A couple things I have found:
It helps if you have a sink full of hot water and soap ready for right after you pour. It hardens quickly in the pan. If you let it sit in the hot water for a while the stuff falls off really easily. 

I have substituted the cornmeal with flour and had some good results.

Using a mini food cake pan makes the perfect size for the lickits. 
The one I have. 4 Cavity Mini Angel Food Cake Pan at Joann.com If you don't have one though I have found if you place the mix in a bowl and then place a funnel in the center it works pretty well too.

This mix makes 3-4 treats

Would also like to add that these are a treat. Something to give the horses every once and a while. 

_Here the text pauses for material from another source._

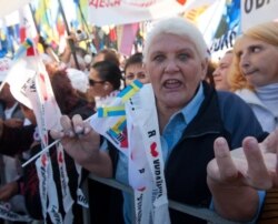 Але прихильники опозиції давати кількарічний шанс владі не хочуть. Олена з Київщини говорить, що опинилася в скруті і не може більше терпіти. «Дивіться, відбувається підвищення жіночого пенсійного віку, підняття комунальних послуг, цін на газ, – говорить вона. – А зарплата ж не піднімається! Ріст інфляції маємо, он метро у Києві по дві гривні, маршрутка, кажуть, чотири гривні буде. А зарплата у мене тисяча гривень. Я можу виїздити кожного дня на роботу за 12 гривень?! Як жити?!»

Jinxx enjoying his treat. (this one was made with flour and either safe choice original or safe choice senior, can't remember which one.)


----------



## Um Saad (Feb 1, 2021)

ThunderingHooves said:


> I found this recipe a while ago to make some treats that work as lickit refills. I can't remember where I found it though. Just as a note, these aren't the same as the refills, but can work as refills. I thought I would share it.
> 
> Ingredients
> 2 cups horse feed
> ...


----------



## Um Saad (Feb 1, 2021)

This recipe turned out great! I used whole oats as the grain, and substituted half a cup of molasses for some of the syrup.
And to make clean-up more efficient, I put a few cups of water in the pot, covered it and cooked it for a few minutes. The condensation melts the syrup on the sides, plus you can use the water for a lovely bran mash!


----------